On January 12, 2010, a 7.0 M(L) earthquake devastated Haiti, the most impoverished nation in the Western hemisphere with extremely limited health care resources. We traveled to Milot, Haiti situated north of Port-au-Prince, to care for injured patients at Hôpital Sacré Coeur, an undamaged hospital with 74 beds and 2 operating rooms. The massive influx of patients brought by helicopter from the earthquake zone transformed the hospital to >400 beds and 6 operating rooms. As with the 2005 Kashmir and 2008 China earthquake, most victims suffered from extremity injuries, encompassing crush injuries, lacerations, fractures, and amputations with associated dehydration and anemia. Preoperative evaluation was limited by language issues requiring a translator and included basic questions of fasting status, allergies, and coexisting conditions. Goals included adequate depth of anesthesia, while avoiding apnea/airway manipulation. These goals led to frequent use of midazolam and ketamine or regional anesthesia. Although many medications were present under various names and concentrations, the absence of a central gas supply proved troublesome.

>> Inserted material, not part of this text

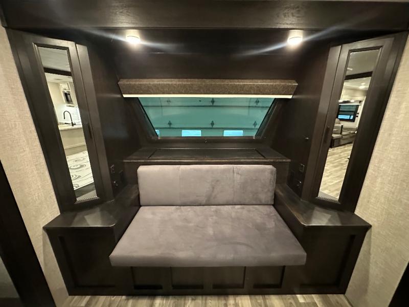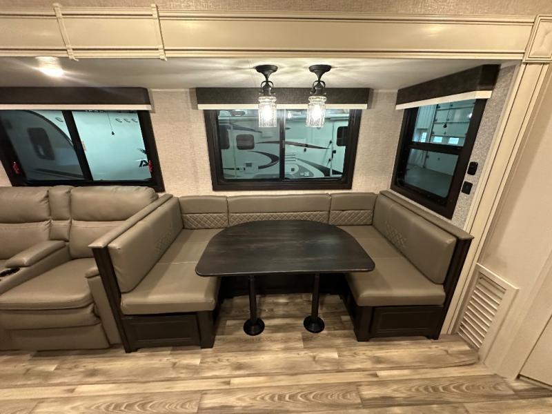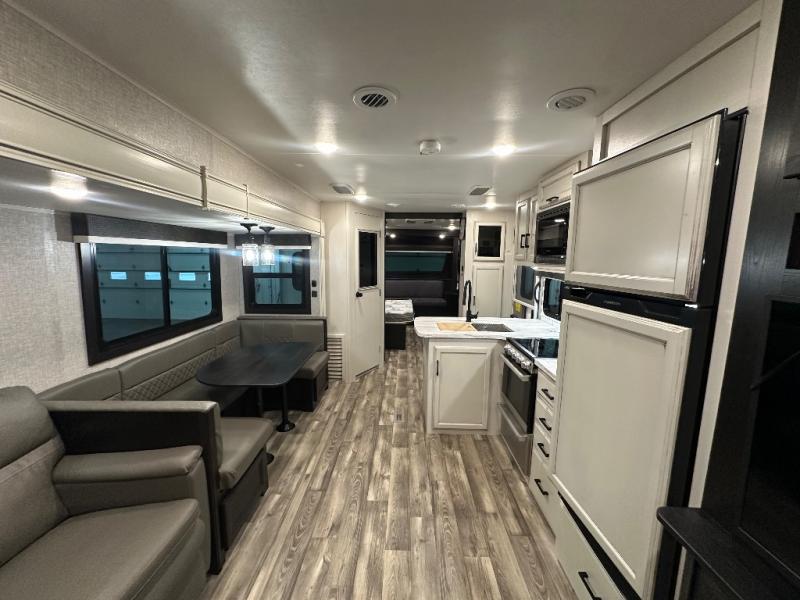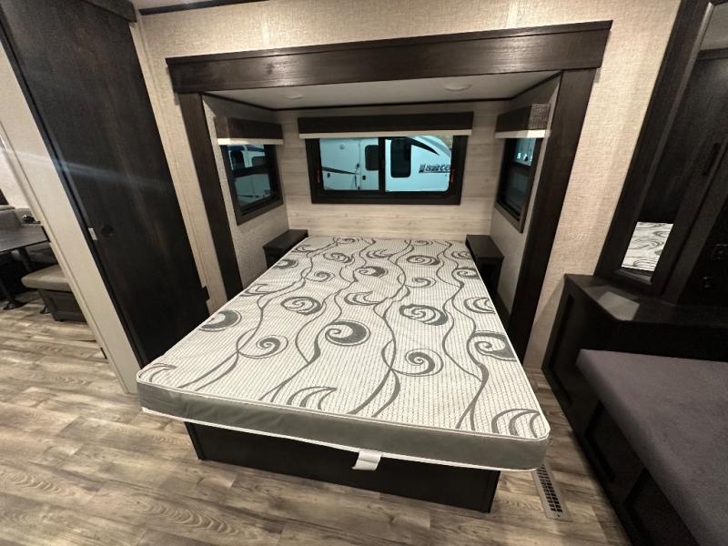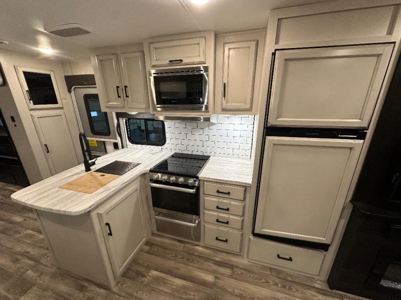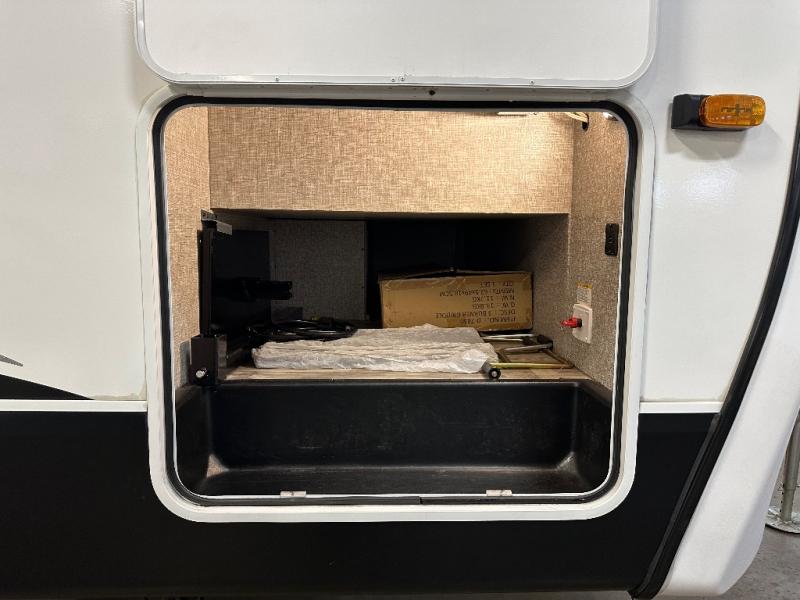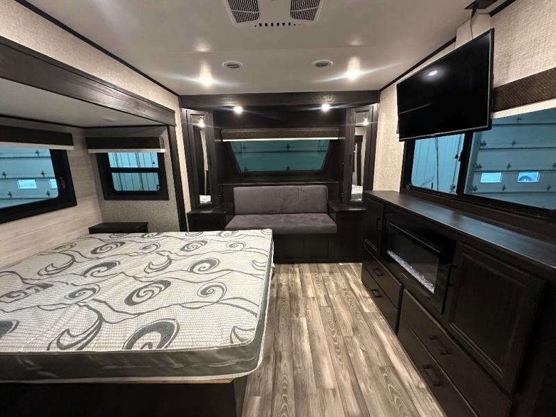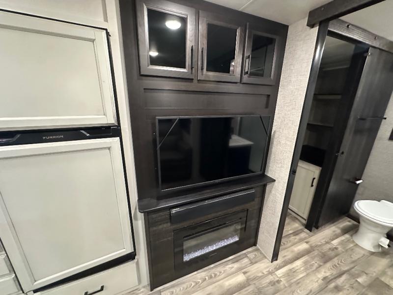 Head to your favorite campsite and camp as long as you want with this travel trailer! The full rear bathroom has a radius shower to freshen up in each morning and a wardrobe that is prepped to add an optional washer and dryer so you can have clean clothes for an extended trip. The tri-fold sofa offers a comfortable place to watch your favorite movie and enjoy the fireplace at the entertainment center. After the chef has prepared their best meal either indoors with the three burner stainless steel range or at the outside kitchen, you can enjoy it at the U-shaped dinette then play a card game. The large corner pantry is big enough to store everyone's favorite snacks and the entry wardrobe helps to keep your coats out of the way. The front private bedroom has a queen bed slide for more walking around space and a dresser with TV prep and the ability to add an optional fireplace, as well as a bench to read a book with wardrobes on either sides for your clothes!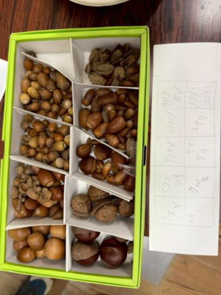 | まとめ | 1.栗東自然観察の森にある木々の種類の見分け方、木の形や花の色など日本固有種と外来種等の説明があった。 2.先生が持参された葉や実のサンプルを用いて丁寧な説明があり非常に楽しくわかりやすかった。 3.森林浴効果、砂糖甘問題、鹿の被害、修正材CLT,バイオプラスティックなどを興味深く学べた。 4.当日は冷え込み寒かった。 |

Postoperative care was limited to an 8-bed postanesthesia care unit/intensive care unit caring for patients with tetanus, diabetic ketoacidosis, pulmonary aspiration, acute renal failure due to crush, extreme anemia, sepsis, and other illnesses. Other important aspects of this journey included the professionalism of the health care personnel who prioritized patient care, adaptation to limited laboratory and radiological services, and provision of living arrangements. Although challenging from many perspectives, the experience was emotionally enriching and recalls the fundamental reasons why we selected medicine and anesthesiology as a profession.